Tuesday, July 10, 2012

Apple fights websites selling access to iOS6 beta code

Apple is cracking down on websites that sell access to pre-release, beta versions of its iOS6 iPhone and iPad software. Beta software is incomplete, and Apple only makes it available to software developers for testing purposes.

The websites charge about $10 (£6.45) to register an individual device so that it can run iOS6 beta software. Apple has sent legal notices to web-hosting companies requesting that they disable the websites.

Apple offers the latest finished versions of its iOS mobile operating system free, but charges registered developers $99 (£65) to access beta versions.

This payment entitles developers to "activate" the Unique Device IDentifier (UDID) numbers of up to one hundred iOS devices with Apple so that they can run iOS 6 beta software. iOS6 is expected to be released later this year.

Activation websites register developer accounts and pay Apple for a hundred device activations, and then sell these off individually at a profit.
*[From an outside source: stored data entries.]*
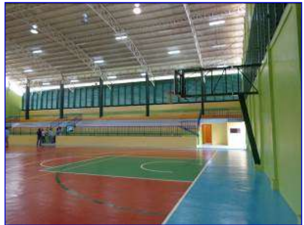
Vista interna del Gimnasio, donde se aprecia la cancha y área de graderías, ya finalizado.

En el mes de diciembre se realizaron los trabajos de media tensión logrando así finalizar la obra y realizar la recepción final del proyecto el 16 de diciembre 2015, recibiendo las obras a entera satisfacción del dueño. En este período se tiene un avance físico financiero del 100.00 %.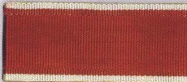
Св. Екатерины (Екатерининская)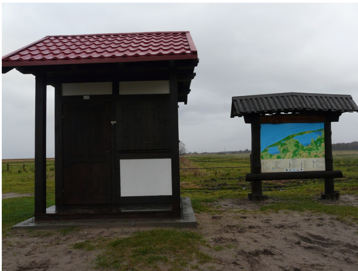
Punkt informacyjno-dydaktyczny mały na parkingu w Klukach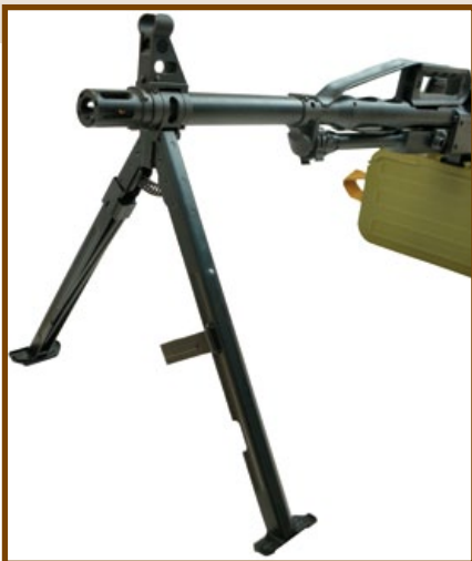
PKP電動機槍的鋼製腳架不論是重量或強度都跟實銃相差無幾。

早年因為資訊不發達，除了玩家或少數工作室自行改造的版本外，少有廠商開發俄系機槍的玩具槍版本，利成科技(LCT)從10年前的RP、RPK到近期的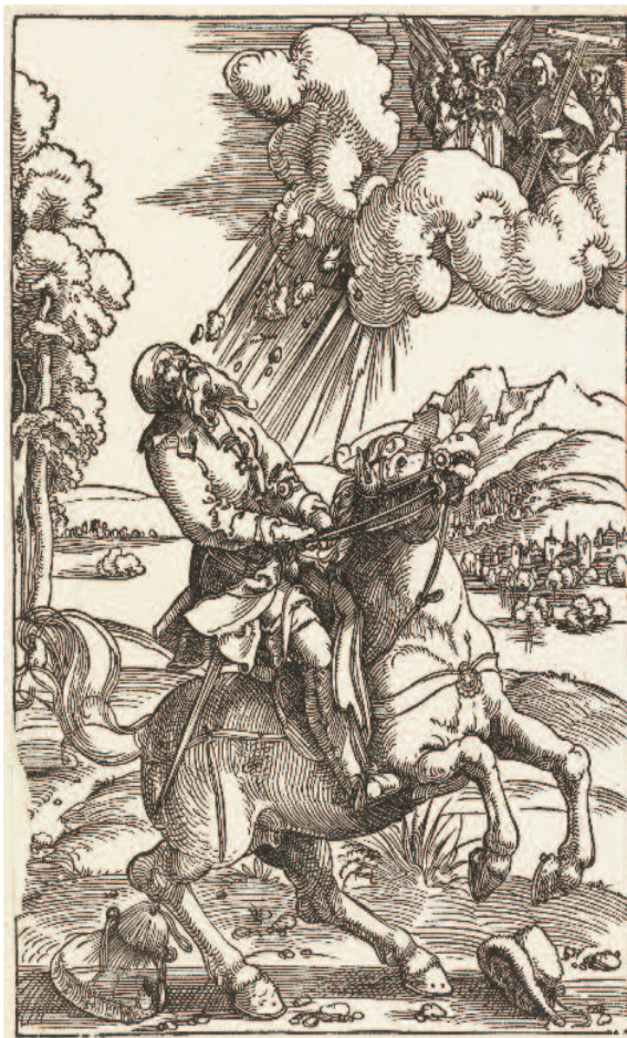
Bekering van Paulus - Hans Baldung Grien (1505-1507), houtsnede.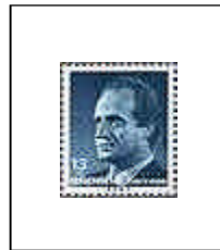
3003 T. Ilimitada

"We have paid the fees and done all the work. All you have to do is register your iOS device on our account. Once you register, you'll be able to download the beta firmware and install it on your device," promises one activation site.

Within the last month Apple has issued DMCA (Digital Millennium Copyright Act) takedown notices to Fused, a Seattle-based web-hosting company, in relation to activation websites it hosts, according to Fused chief executive David McKendrick.

A DMCA takedown notice is a formal way for a copyright holder or their agent to demand removal of allegedly infringing content from the Internet.

The sites in question had been active for three months, Mr McKendrick said, and Apple claimed in the notices that they breached its developer agreement or facilitated copyright infringement.

"This is definitely a new move on Apple's part," he said. Apple prohibits developers from providing pre-release software to anyone other than their employees and contractors who have a "demonstrable" need to use it to develop and test applications on their behalf.

But Mr McKendrick added that Apple's action was unlikely to be effective, because many of the sites in question were in the process of moving their sites to hosting firms based outside the US.

"Apple is definitely fighting a losing battle on this one. Unless they go directly after the developer accounts abusing the process, they have little chance scrubbing these sites off the web," he said.